Although the park did not have to close, its veterinarian bills kept increasing. Visitors stayed away under the misconception that humans can contract avian ﬂu when around infected birds. Not knowing that it can only be contracted by eating the meat of an infected bird. Or coming into contact with its droppings or bodily ﬂuids. Throughout this, the team continued to accept injured and ill birds and never deviated from their no-kill policy. Despite their best eﬀorts, only 20% of the animals they rehabilitate; recover suﬃciently to fend for themselves in the wild. The other 80% have to remain at the sanctuary.
While the sanctuary’s income therefore dropped, operational costs grew to around R650 000 per month. To bring some financial relieve; the 40 staff members of World of Birds had to work on a short time basis during this time. This was to reduce its wage bill, which comes to R4,5 million a year.
Astral Foods Involvement
In August 2018 upon hearing of World of Birds’ plight, Astral Foods decided to step in to assist. Chris Schutte says, “The World of Birds is a Cape Town institution that does excellent work.
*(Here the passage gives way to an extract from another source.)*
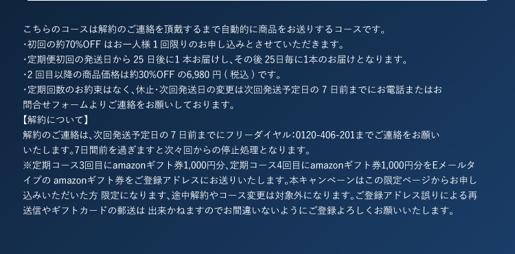 ■停止・解約のご連絡は、次回発送日の7日間までにフリーダイヤル:0120-406-201までご連絡ください。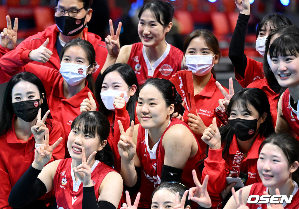이어 선수단은 수훈 선수 인터뷰를 마친 박경현과 김형실 감독에게 축하 물세례를 펼치며 홈 첫승의 기쁨을 만끽했다. 2022.01.18 /sunday@osen.co.kr

We could not ignore their plight and decided to become involved in an endeavour to assist the park.”
Since August 2018, Astral Foods has been providing the sanctuary with an R100 000.00 worth of feed per month until such time they are financial sound. In a year, this would translate into feed worth R1,2 million, the equivalent of 80% of World of Birds’ annual food bill.
Astral Foods further undertook to redrill a borehole on the property to reduce its reliance on municipal water. Once the borehole is up and running again it will cut World of Birds’ annual water bill with approximately R300 000.
Schutte says the group has also oﬀered to assist with biosecurity at the sanctuary through Central Analytical Laboratories (CAL), one of its divisions. This will give World of Birds access to the expertise and experience gained at one of the most modern laboratories in Africa, most notably with regard to managing and eradicating AI.
World of Birds’ assistant director Hendrik Louw says, “Right now, things are looking much better compared to the beginning of the year and it is largely thanks to Astral’s donation.”
Who is Astral Foods?
Astral Foods Limited (Astral) is a leading Southern African integrated poultry producer. Its key activities are animal feed pre-mixes, the manufacture of animal feeds, broiler genetics, the production and sale of day-old chicks and hatching eggs as well as integrated breeder and broiler production operations, abattoirs and the sale and distribution of its poultry brands.
The brands in the Astral stable include Country Fair, Festive, Goldi, Earlybird, Mountain Valley, Ross Poultry Breeders, National Chickens, Meadow Feeds, Tiger Animal Feeds (Zambia), Tiger Chicks (Zambia), Meadow Feeds (Mozambique), Mozpintos (Mozambique) and CAL Labs.
Visit Astral Food for more information.
What can we do to help?
Besides the financial contribution that Astral Foods is currently making to assist; this bird sanctuary needs the support of the public to stay in operation . By that I mean, people need to visit the park. With the City Siteseeing bus stopping on its doorstep, it is a popular tourist destination. Access to the park costs R120 for adults, R45 for children, R75 for pensioners and students (when you produce your card). School tours are also welcome. You can also assist by becoming a member and making donations.
My family and I will be heading back to visit this tropical paradise during the school holiday to explore all the colourful birds, mammals and reptiles.
Have you visited World of Bird yet and how was your experience?